Попрощавшись с Эдом и выпив с друзьями – а выпить было что, хоть непальского рома, хоть британского вискаря, – я, заинтригованный, углубился в поиск собственных смыслов смягчённой СССРовским толмачом фразы восходителя. Поиграв значениями глагола «knock», я понял, что перевести это как «нокаутировать» – куда ни шло. Но далее следовало вовсе не «it», а «bastard», да ещё с «off». Выходило совсем не «его», а… В общем, по-нашему это звучало бы так: «Мы нокаутировали эту скотину!» Поскольку перевод – дело творческое, литературное, то подошло бы и более жёсткое: «Мы сделали эту сволочь!» или «Мы вырубили этого ублюдка!». Это ж повкуснее, а?..
Лечу в Луклу. Об этом полёте и вообще о переходе в базовый лагерь Эвереста, который в Непале называют EBC, расскажу позже, а сейчас продолжу про Эда. Тут такая любопытная штука. Вот оказались бы вы в Кумджунге – конечно, в то время, когда Эд был жив, – и захотели бы узнать, здесь ли он. Так спросите у любого непальца, и он определенно скажет «да» или «нет»! Хорошо: например, он здесь. А как увидеться? Да очень просто: альпинист, начиная с 60-х годов прошлого века, много чего «натворил» в селении: организовал строительство школьного комплекса, больницы и даже «выбил» электрическое освещение. Вот и сам он бродит среди «родных» построек, спускается в Номче-базар и возвращается обратно.

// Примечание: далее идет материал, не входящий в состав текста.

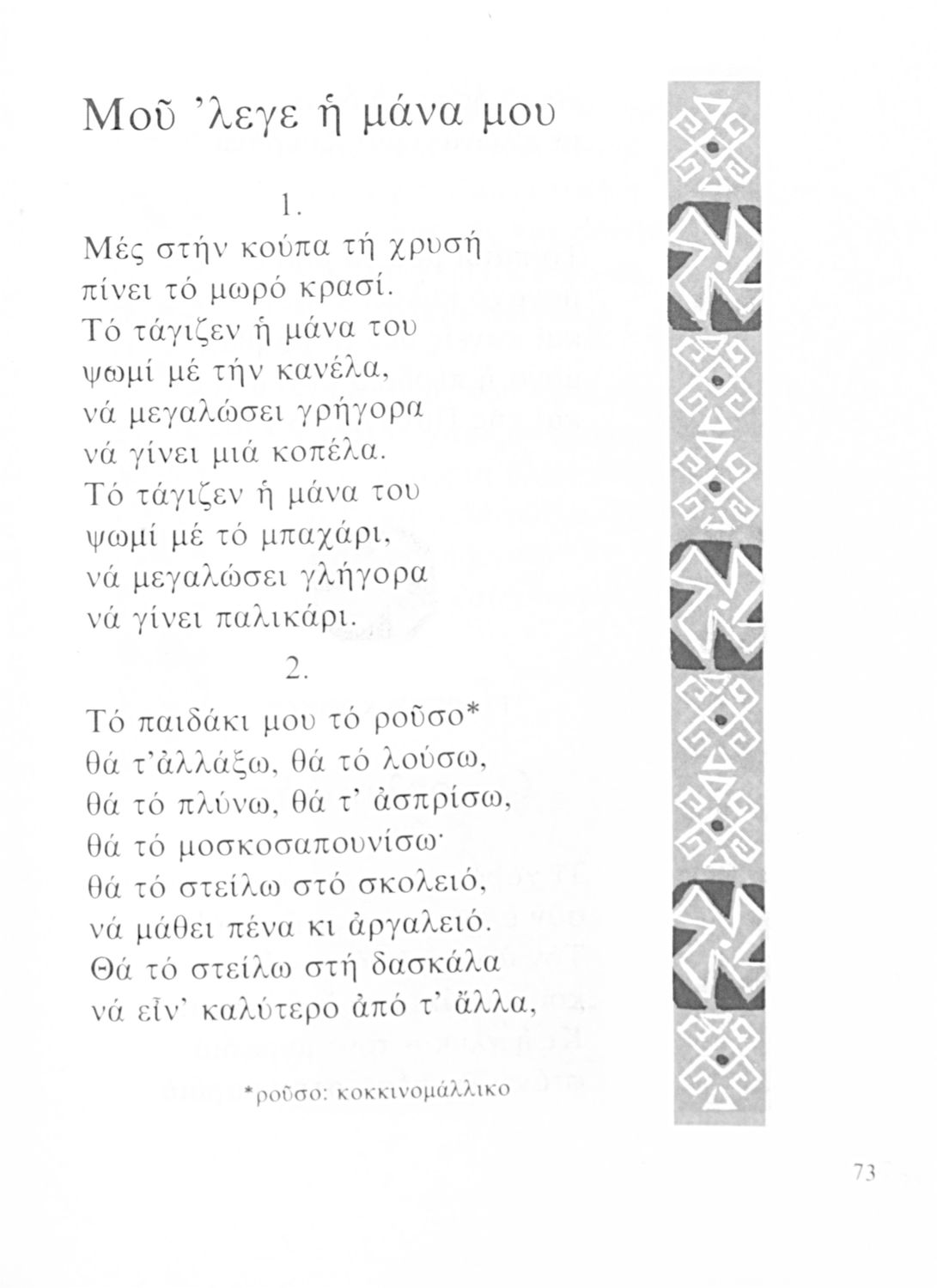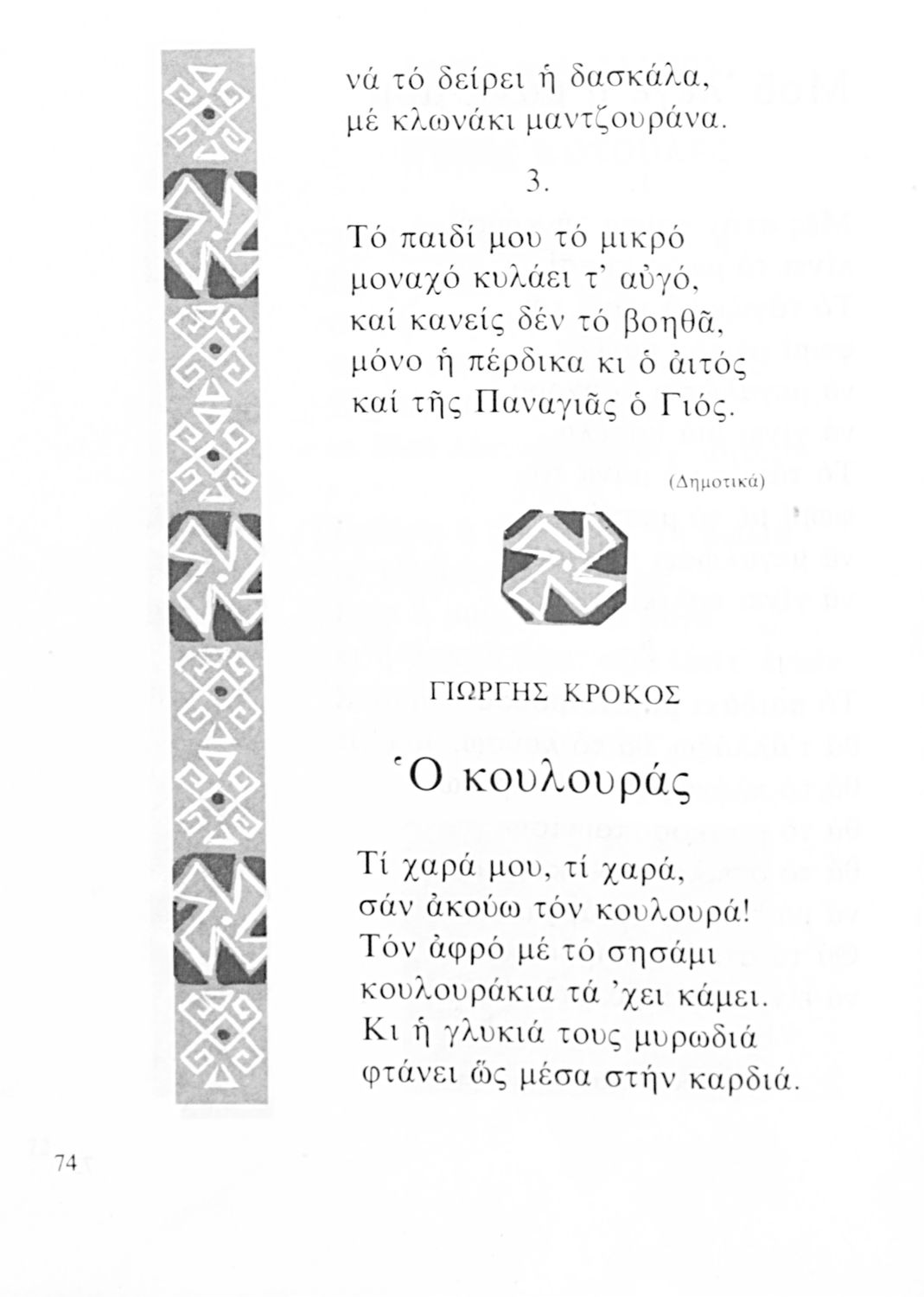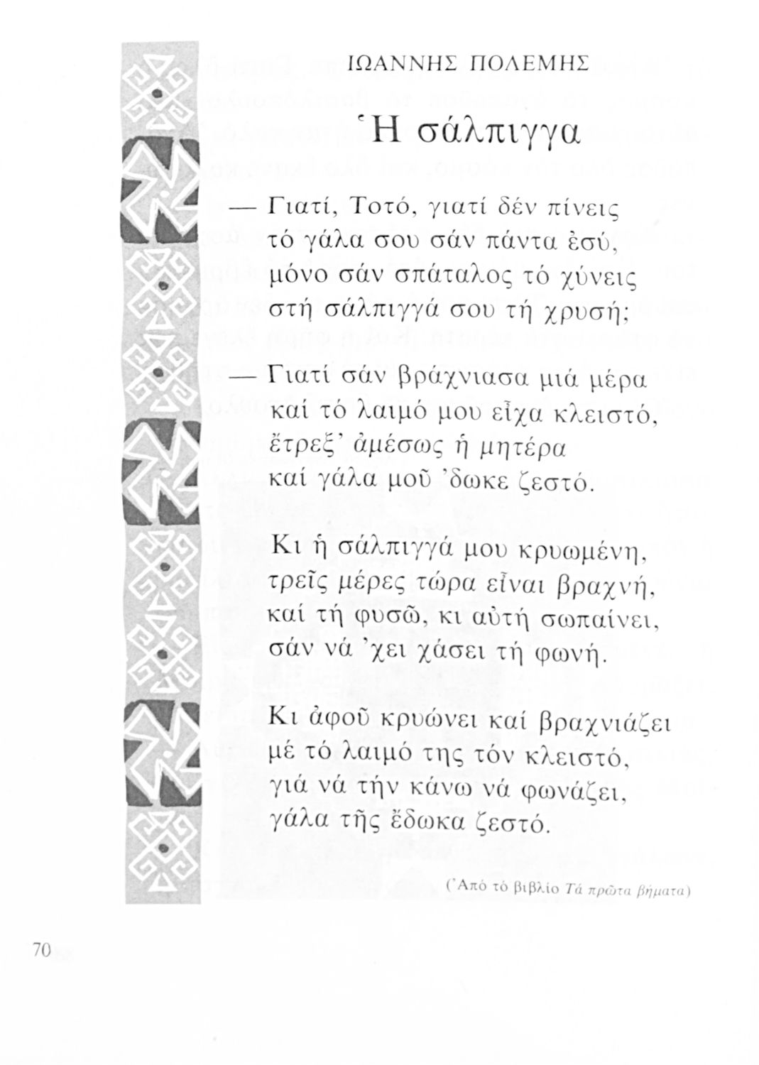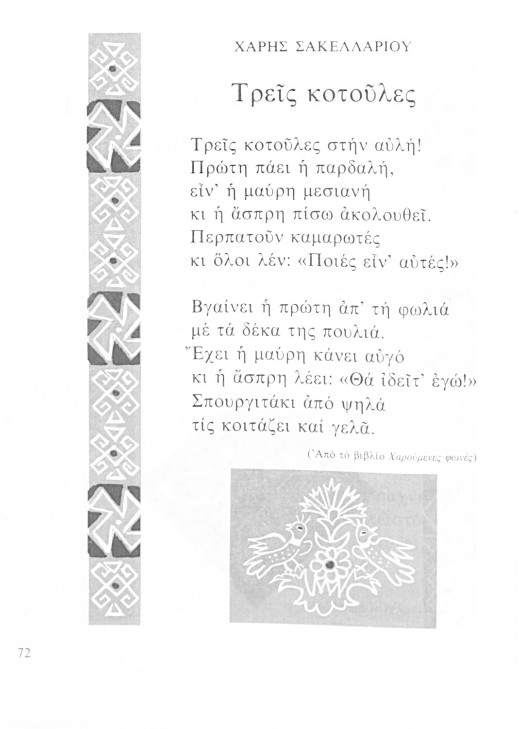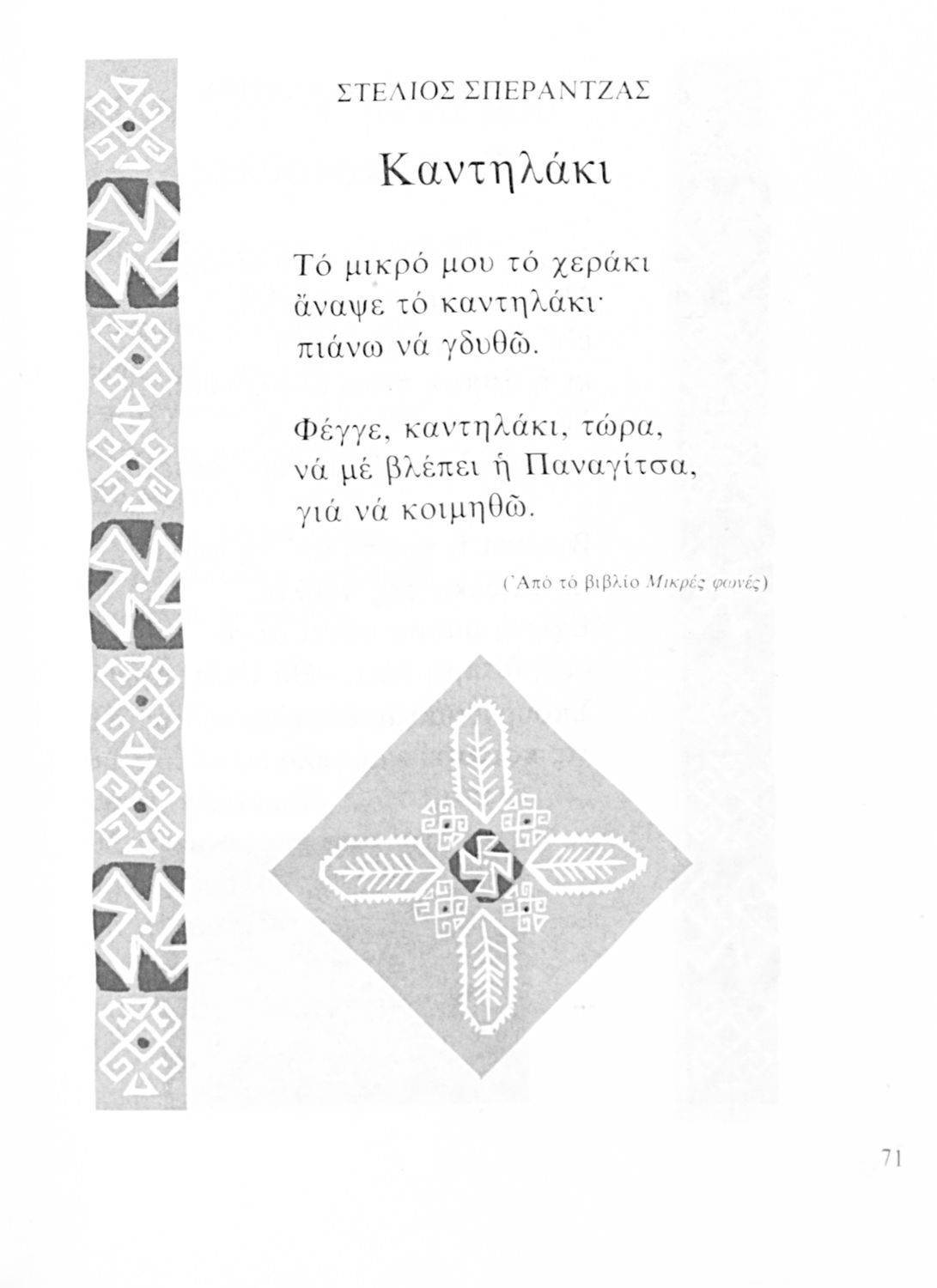 Αναγνωστικό που περιλαμβάνει πεζά και ποιήματα της νέας ελληνικής λογοτεχνίας για τους μαθητές του Δημοτικού. Το βιβλίο είναι αφιερωμένο στη μνήμη του Ζαχαρία Παπαντωνίου και αναδημοσιεύει αρκετά κείμενα από τα αναγνωστικά των εκπαιδευτικών μεταρρυθμίσεων του Ελευθερίου Βενιζέλου.
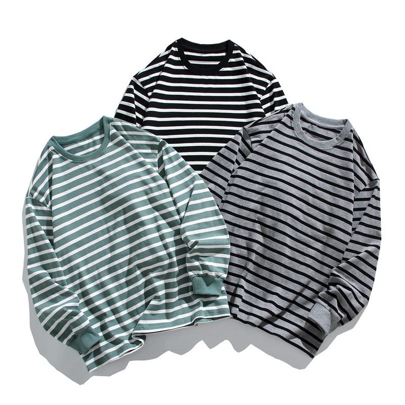 Весна и осень Новый мужской корейский стиль круглый вырез контрастного цвета полосатый длинный рукав чистый хлопок пара интернет знаменитости тот же стиль топ
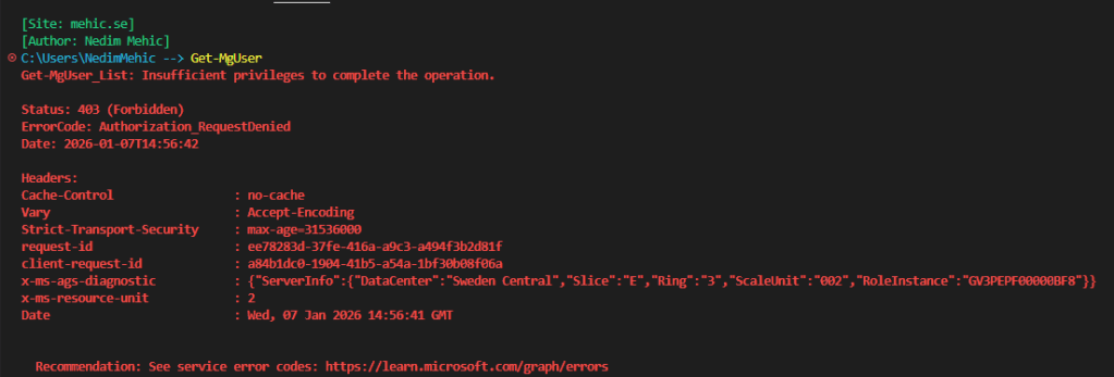 If I run the Get-MgUser command now, I can successfully retrieve the list of all users. However, if I attempt to retrieve all groups, I will receive an error. This behavior is expected and confirms that the permissions are working exactly as configured.
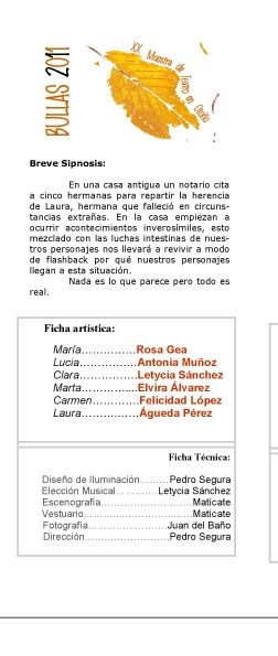 Es la quinta vez que el grupo de teatro integrado por mujeres del pueblo de Bullas y La Copa vuelve a ponerse en manos de Segura, que como apunta el autor y director "este trabajo tiene la particularidad que el texto está hecho a medida de las actrices que lo van a interpretar. 'La Herencia' es un ejercicio teatral que sigue la línea de dirección que he llevado estos años con la compañía Maticate, veremos en este espectáculo interpretaciones mas ajustadas al naturalismo, a diferencia de anteriores montajes".
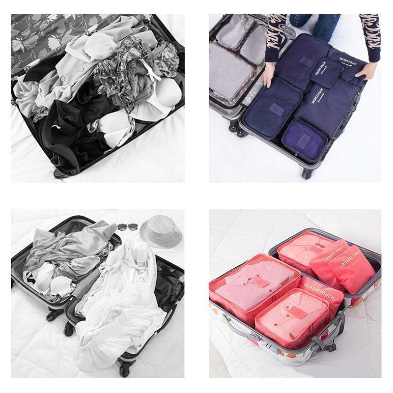 - Šis šešių dėklų rinkinys leidžia tvarkingai surušiuoti daiktus ir juos sutalpinti lagamine! Dėklai yra pralaidūs orui, todėl viduje esantys drabužiai išliks šviežaus kvapo ir švarūs. Skirtingo dydžio dėklai, kuriuos pritaikysite visiems kelionei reikalingiems daiktams sudėti.

Я встретил Эда, длиннорукого и длинноногого, в характерной широкополой шляпе, тёмных очках и спортивной одежде прямо на переходе из Номче в Кумджунг. Внешне он меня, конечно, не запомнил, но как только я произнес фразу… Догадаетесь, какую? Верно, «Мы сделали эту сволочь!». Именно по ней он воспроизвёл в памяти нашу первую и короткую встречу. Вот что значит одна фраза, господа журналисты!
Мы шли по тропинке, останавливались, сидели, потом пили масала-чай в Кумджунге, и я расспрашивал. Предполагая, что обычный рассказ про восхождение 50-летней давности, да ещё в «высоком жанре», надоел Эду до чертиков, я всё же решил уточнить:
– Вам, наверное, скучно в который раз рассказывать о восхождении?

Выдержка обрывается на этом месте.